On the national level, the incoming administration of the 100% anti-life President-elect is expected to show its support for the so-called Prevention First Act. This wicked bill will also open the cash spigot to the Temple of Moloch to promote its anti-life agenda and corrupt children through “comprehensive sex education” and “family planning” programs. This bill will go even further, by requiring all health insurance plans to cover contraceptives, even if the plan is that of a religious employer with moral objections to contraception — like the Church.

In his prophetic encyclical, Humanae Vitae, Pope Paul VI foresaw the state in which we find ourselves:

Let them first consider how easily [the availability of "artificial birth control"] could open wide the way for marital infidelity and a general lowering of moral standards. Not much experience is needed to be fully aware of human weakness and to understand that human beings – and especially the young, who are so exposed to temptation – need incentives to keep the moral law, and it is an evil thing to make it easy for them to break that law. Another effect that gives cause for alarm is that a man who grows accustomed to the use of contraceptive methods may forget the reverence due to a woman, and, disregarding her physical and emotional equilibrium, reduce her to being a mere instrument for the satisfaction of his own desires, no longer considering her as his partner whom he should surround with care and affection.

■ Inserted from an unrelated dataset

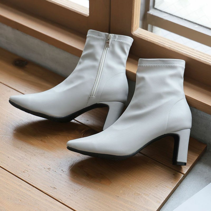 ・人気のプレートヒールストレッチブーツにグレーとグレージュが仲間入り!

Can anyone doubt that this is where we are? Can anyone doubt that infamies like the Healthy Teens Act and the Prevention First Act will lead us further down this path? Is there any way to break from this addiction to unhealthy sex education and contraception?

The answer is the same as with every social or political problem — conversion of heart, starting with mine. It needs to be done in every family and particularly in every marriage. The truth, beauty and sanctity of married love and sexuality — so counter-cultural in this day and age — must be promoted by the Church. The Theology of the Body gives us an excellent and attractive platform for this.

But the most important thing is for every married couple, and every parent, to give witness to it by their everyday lives. If we want a healthy society — and healthy teens — we must be holier husbands, wives, and parents. We must all be signs of the truth that will set us all free.

A letter to your state and federal legislators about these bills wouldn’t hurt, either.